Growing a raid array in linux using mdadm is easy. I made sure I used fdisk to create single large partition on the drive and mark the partition type fd (Linux raid autodetect) prior to adding it to the array.
Device Boot Start End Blocks Id System /dev/sdm1 1 121601 976760001 fd Linux raid autodetect
Adding the drives to the raid is straightforward
mdadm --add /dev/md1 /dev/sdl1 mdadm --add /dev/md1 /dev/sdm1
the device gets added as spares in the array, now grow the array to include the spares. Remember earlier I had 6 drives in it, now am increasing it to 8.
mdadm --grow /dev/md1 --raid-devices=8
Now I have to wait for RAID to resync with the new drives.

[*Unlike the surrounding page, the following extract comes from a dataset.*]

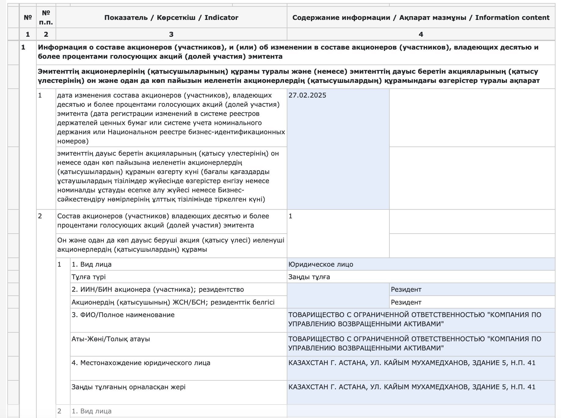 According to an extract from the Ministry of Finance’s financial statements depository, KBTU is now under the control of the State Company for the Management of Returned Assets.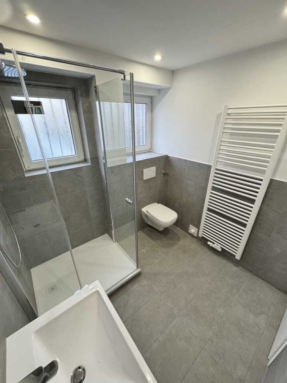 • Neues Bad mit Regendusche, Waschbecken mit Unterschrank & Fußbodenheizung

You can watch the progress by running
watch cat /proc/mdstat
Except I was pissed to see when it said
[>......................] reshape = 0.0% (7892/976759936) finish=2804.9min speed=5463K/sec
This meant the array will take about 47hrs to rebuild at 5MBPS speed, I was pissed but did not worried because I had run into this issue before and all I have to do is increase the minimum and maximum speed limits for the raid device from seriously conservative limits to reasonable limits.
So I went ahead and did the following
echo 50000 > /proc/sys/dev/raid/speed_limit_min echo 200000 > /proc/sys/dev/raid/speed_limit_max
See here for some additional details on these commands.
Now I opened /proc/mdstat, imagine my surprise when the speed improved from 5463K/sec to 5863K/sec and settled there. Now I got aggressive and doubled the numbers to 100000 for min and 400000 for max. Now the speed moved from 5863K/sec to 6028K/sec and settled around there. Now am worried if there was some sort of bus contention or other drivers issues am running into.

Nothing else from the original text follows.